By Grant Uyemura, DPT
High ankle sprains are more common in high impact sports and usually occur when the
foot is forced into external rotation with a planted, dorsiflexed foot. This mechanism of injury will cause the talus to widen the ankle mortise which can injure or tear the syndesmosis. The syndesmosis is made up of the anterior inferior tibiofibular ligament, interosseous ligament, interosseous membrane, posterior inferior tibiofibular ligament, and transverse ligament.
Lateral ankle sprains also known as inversion sprains are the most common orthopedic
injury and account for 85% of all ankle injuries.
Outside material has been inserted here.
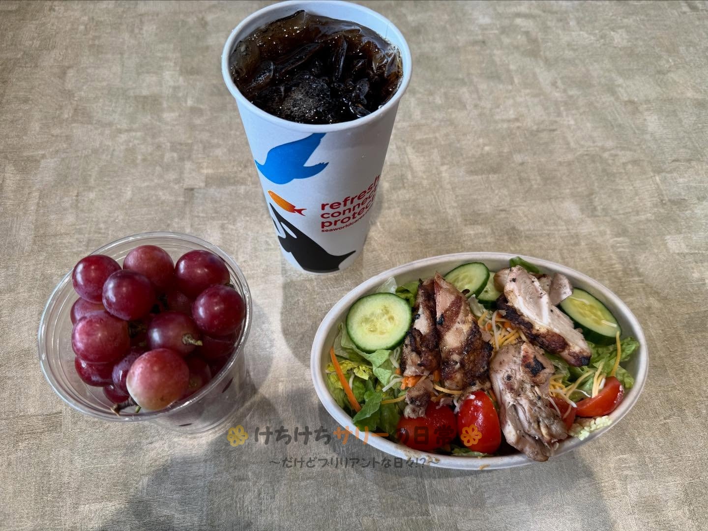 この日の食事は食べ放題プランを購入。90分毎に1セットをオーダーできるので、いろんなレストランを回って食べたよ!例えばこれはサラダとブドウ、飲み物のセット🥗

Lateral ankle sprains usually happen when the foot is point down, plantarflexed and rolls inward. The anterior talofibular, calcaneofibular, and posterior talofibular ligaments are the most common ligaments to get injured during a lateral ankle sprain.
High ankle sprains will take longer to heal and are more likely to create long-term
dysfunction compared to lateral ankle sprains. However, high ankle sprains are less common than lateral ankle sprains. Both injuries can be treated through physical therapy with conservative treatments.
The first phase will be protecting the joint while minimize pain, inflammation, weakness, and loss of motion.
The second phase will focus on normalizing joint mobility, strength, neuromuscular control, and return to activities of daily living.
The last phase will prepare the athlete for return to sport activities.